The eight-seat Piper Navajo Chieftain aircraft belonged to Agape Flights, which is based in Venice, Florida, a spokeswoman for Agape Flights told the Miami Herald.
“For 42 years we’ve been flying to Haiti and we have weekly mission flights carrying cargo, mail and humanitarian aid to missionary families throughout Haiti,” she said. “It is devastating but we are just thankful that the team is safe.”
On its web page the group announced that for the safety of its affiliated missionaries and staff, this week’s flight has been canceled.
The violence unfolded during a day of protests in Haiti against rising insecurity with demonstrators calling for an end to kidnappings. While mostly peaceful in the capital, they turned violent in Les Cayes, where protesters gained access to the airport and attacked the plane, which had arrived Sunday with a team of humanitarian aid workers helping in the region’s recovery from last August’s devastating magnitude 7.2 earthquake that left over 2,000 dead.
Haiti police said that at least one protester died and five others were injured, including four police officers who were attacked with rocks. Police spokesman Garry Desrosiers confirmed that a plane in the southeastern city of Jacmel was also burned Tuesday, but it was “not the same situation as Les Cayes.” The plane had crash-landed in November under mysterious circumstances and was abandoned.
“It had already been vandalized and a group of people threw something in it,” he said.
In response to the incident, the country’s leading domestic carrier, Sunrise Airways, temporarily halted all flights to Les Cayes. Soon after, Mission Aviation Fellowship announced it was grounding all charter flights throughout Haiti for Wednesday.
Sunrise Airways Director Philippe Bayard told the Miami Herald that for now only flights to Les Cayes will be canceled.
“We’ve stopped the flights and are seeing what kind of security they are implementing at the airport because we cannot put at risk the people who are working with us, the passengers or the airplane,” Bayard said. “I know they are doing an evaluation to see how much damage they did at the airport and after that, we will make a decision.”

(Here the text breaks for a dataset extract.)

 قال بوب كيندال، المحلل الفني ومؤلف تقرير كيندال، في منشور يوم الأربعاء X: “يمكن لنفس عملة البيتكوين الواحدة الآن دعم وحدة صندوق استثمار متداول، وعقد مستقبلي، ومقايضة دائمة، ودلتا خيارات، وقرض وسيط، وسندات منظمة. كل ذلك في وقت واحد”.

He called Tuesday’s violence in Les Cayes “sad” and “unacceptable.”
“It’s a missionary group that has come to do good in a country and they burned the airplane. Is this something that is acceptable?” Bayard said. “Regardless of the reasons why people were protesting, is the destruction they did here justifiable? It’s something that is lamentable.”
Tuesday marked the 35th anniversary of Haiti’s 1987 Constitution. Amid growing discontent about a surge in kidnappings and gang crime, Haitians have taken to circulating a petition demanding that Prime Minister Ariel Henry do something to address the problems. Condemning the incident in Les Cayes, Henry said in a tweet that he has ordered authorities to track down those behind the violence.

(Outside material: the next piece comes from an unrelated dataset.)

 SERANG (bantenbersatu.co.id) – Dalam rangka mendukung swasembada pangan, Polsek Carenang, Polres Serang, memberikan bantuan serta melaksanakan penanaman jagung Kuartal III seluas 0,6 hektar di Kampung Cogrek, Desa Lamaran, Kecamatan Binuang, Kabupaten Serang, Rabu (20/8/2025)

Les Cayes now becomes the latest big city to be without scheduled air service in Haiti, where armed gangs have made traveling the country’s national roads to large cities outside of the capital a dangerous undertaking.
Since June, more than 20,000 Haitians have been forced from their homes in the Port-au-Prince neighborhood of Martissant at the southern entrance of the capital, which serves as the gateway to five different regional areas including those struck by the August 14 earthquake. Gangs are attacking public buses and carjacking motorists and holding them for ransom.

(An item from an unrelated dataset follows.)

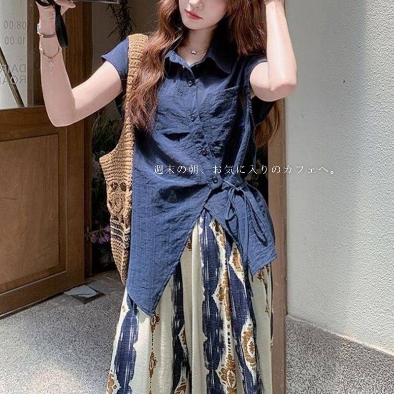 ブルーアシメシャツ&レトロプリント柄ワイドパンツのセット W01336

The violence on the roads has led to full domestic flights and an increased demand for private charters. In Les Cayes, demonstrators have accused airline owners and the government of profiteering from the insecurity in Martissant.
“A business cannot exist on a road that is closed and an area that is isolated,” Bayard said. “Insecurity with chaos and disorder has never been good for anyone.”
Bayard said Les Cayes has long been in need of regular air service, and after starting it a year ago, demand began to increase after the earthquake. The air service also allowed aid to pour in quickly after the earthquake. While customers come for air travel because of the insecurity in Martissant, he said, there are also fewer people traveling because they don’t want to go to Port-au-Prince because of the security issues.
Richard Hervé Fourcand, a former senator who lives in Les Cayes and provided his personal aircraft to take injured earthquake victims to safety, said “activists went too far” on Tuesday.
He called the protesters’ argument against the local air carriers “exaggerated.” He acknowledged that the situation in Martissant is increasingly becoming unbearable and affecting the recovery of the south. “Everything is expensive,” he said. “You have to pay four gangs just to get one container through.”
Agape Flights, the spokeswoman said, is focused on getting their team members safely back home rather than future plans.